I’m not a native Pittsburgher,
but one thing you notice once you’re here is that
there are lots of European immigrants in Pittsburgh—and
many still have strong connections to Europe, and a lot
of interest
in their heritage. My own background is Dutch, Irish, German,
and English. Those Bog People could have been my ancestors—that’s
true of a lot of us. So I could understand the great public
response to this exhibit.
As co-workers, do you and your husband conduct research
together?
We’ve always wanted to collaborate. One day we might.
I’ve been in the field with him, and he with me.
We relate very well on that level. Our favorite leisure-time
activity is hiking. We also travel a lot, recently to Oaxaca,
Mexico, and southwest France. Wherever we go, I want to
check out the museums and the local archaeology.
We love
to observe wildlife. We live in rural Butler County and
practically have our own herd of deer. That’s
why I love western Pennsylvania—you can work in the
city, but it’s easy to get away to the beautiful
countryside.
Will you spend the rest of your career on the Botai?
No. I’ve been working on this since 1993. I plan
to publish my research, then perhaps move onto the next
time period in Kazakhstan, the Bronze Age. This was a time
when the people of the steppes became nomadic pastoralists.

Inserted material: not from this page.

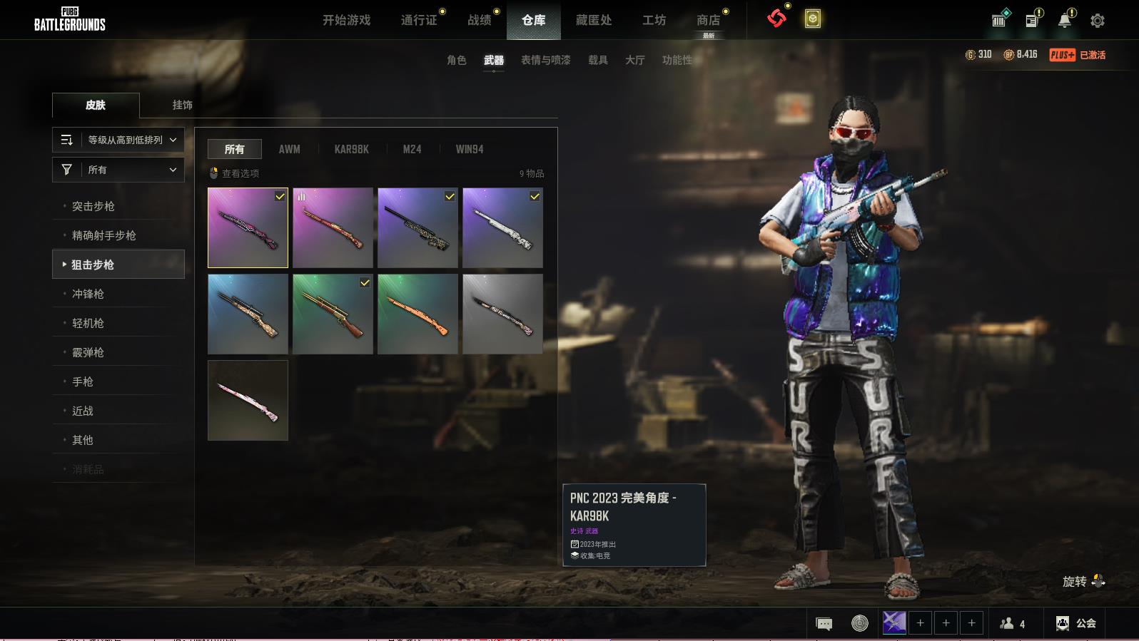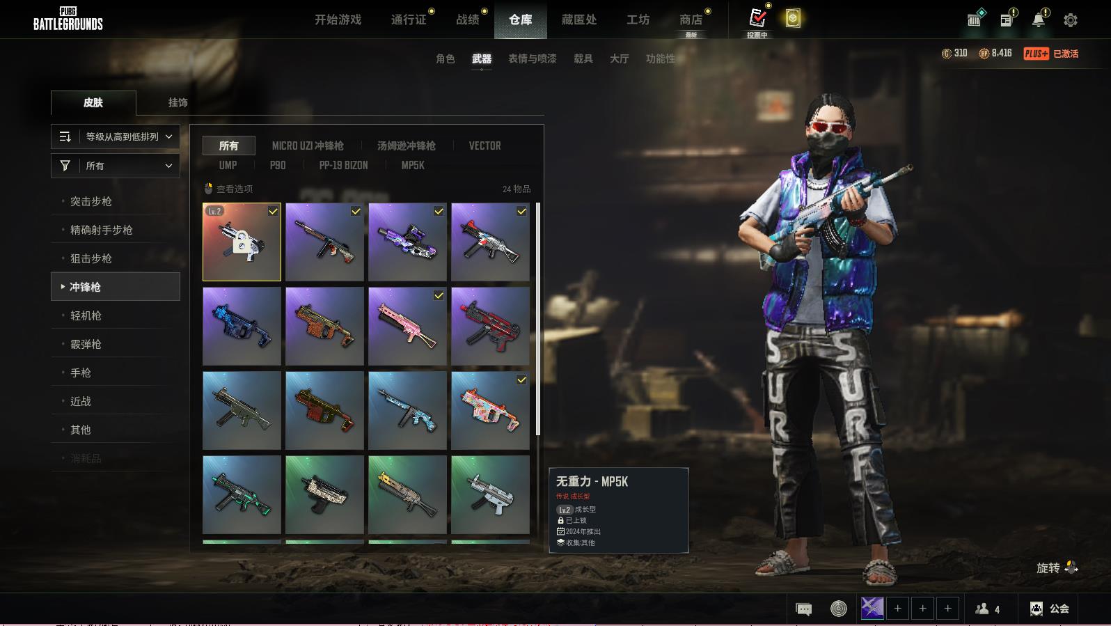 PUBG豪华版满级生存可排位,妖魔之触-ACE32Lv2-197;魔咒之力-MK12;无重力-MP5K;破碎元素-AKM;湮灭-BERYLM762;破碎元素-MINI14;赛博危机-SLR;蒸汽计量表-SKS;PNC2023完美角度-KAR98K;镀金枪儿响叮当-KAR98K;三重彩-SCAR-L;镀金-GROZA;分形几何-0BZ;多彩科技猫-AUG;雪国风光-M416;山花烂漫-GPOZA;鲜花之力-AKM;鎏金色落叶-MK47MUTANT;大理石宝藏-AKM

I’m interested in examining their human remains in
order to learn more about their lifestyle, their health,
and how they died.
I’m also wrapping up Horses and
Humans: The Evolution of the Equine-Human Relationship,
an edited volume. And
after that, I have a lab full of thousands of horse bones
from the Botai
waiting to be studied!
You seem to have a real fondness for horses and other
animals. Any pets?
Just two cats—with the way we travel, other pets
aren’t possible! I do ride a little in Kazakhstan,
but I’ve never owned a horse of my own.